Current state: Under Discuss

JIRA: here 

Pull Request: here

Discussing thread: here

Vote thread: here

Motivation

When the server expands partitions for a topic, the producer firstly perceives the expansion, and some data is written in the newly expanded partitions. But the consumer group perceives the expansion later, after the rebalance is completed, the newly expanded partitions will be consumed from the latest if "auto.offset.reset" is set to "latest". Within a period of time, the data of the newly expanded partitions is skipped and lost by the consumer. But for a group that is consuming, it does not want to skip the data. Therefore, we hope to provide some richer offset reset mechanisms to solve this problem, and secondly, to deal with the problem of out of range more flexibly.
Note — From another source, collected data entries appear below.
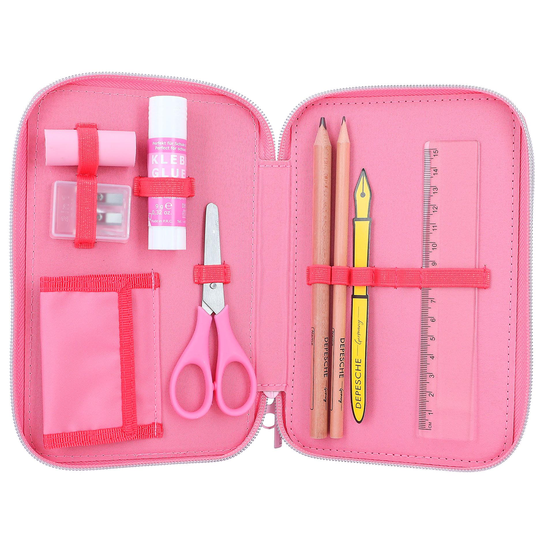 Сердце пенала TOPModel из серии One Love находится в правильном месте: повсюду! Милый узор в виде сердечек по всей поверхности в великолепных красных и розовых тонах подарит вам хорошее настроение. Милый трюк: сердце на цепочке можно вытащить и вставить в накладной прозрачный передний карман. Три отдельных отделения пенала полностью заполнены 18 цветными карандашами и фломастерами, 2 карандашами, линейкой, точилкой, ластиком, ножницами, клеем-карандашом и небольшой сумочкой на липучке. Материал: 100% ПЭС; ПВХ спереди; ПУ кулон Рекомендуемый возраст: от 6 лет В 4,5 х Ш 25,0 х Г 20,0 см
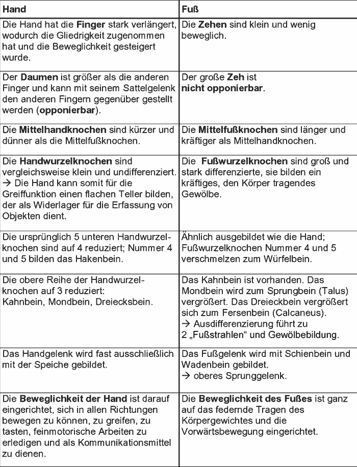 Start > Biologie > Humanbiologie > Organsysteme > Skelett > Vergleich Hand/Fuß
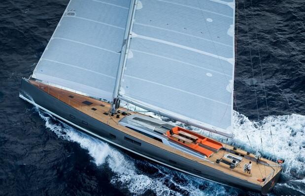 低矮的流线型舱面船室是Nauta Design在高性能竞赛帆船和巡洋舰上的新设计。充满金属光泽的铁灰色船身与柚木甲板上银白色闪亮舱面船室形成色调鲜明的对比,营造出动感时尚的当代风格。橘红色的沙发更是令人眼前一亮。

For this case of data loss, I did a test. you can see the linked JIRA for details.

Public Interfaces

Proposed Changes

  1. In addition to the "earliest", "latest", and "none" provided by the existing "auto.offset.reset", it also provides more abundant reset semantics, such as "latest_on_start" (application startup is reset to latest, and an exception is thrown if out of range occurs), "earliest_on_start" (application startup is reset to earliest, and an exception is thrown if out of range occurs), "nearest"(determined by "auto.offset.reset" when the program starts, and choose earliest or latest according to the distance between the current offset and log start offset and log end offset when out of range occurs).
  2. "auto.offset.reset.on.no.initial.offset": Indicates the strategy used to initialize the offset. The default value is the parameter configured by "auto.offset.reset". If so, the strategy for initializing the offset remains unchanged from the previous behavior, ensuring compatibility. If the parameter is configured with "latest_on_start" or "earliest_on_start", then the offset will be reset according to the configured semantics when initializing the offset. In this way, the problem of data loss during partition expansion can be solved: configure "auto.offset.reset.on.no.initial.offset" to "latest_on_start", and configure "auto.offset.reset" to earliest.
  3. "auto.offset.reset.on.invalid.offset": Indicates that the offset is illegal or out of range occurs. The default value is the parameter configured by "auto.offset.reset". If so, the processing of out of range is the same as before to ensure compatibility. If "nearest" is configured, then the semantic logic corresponding to "nearest" is used only for the case of out of range.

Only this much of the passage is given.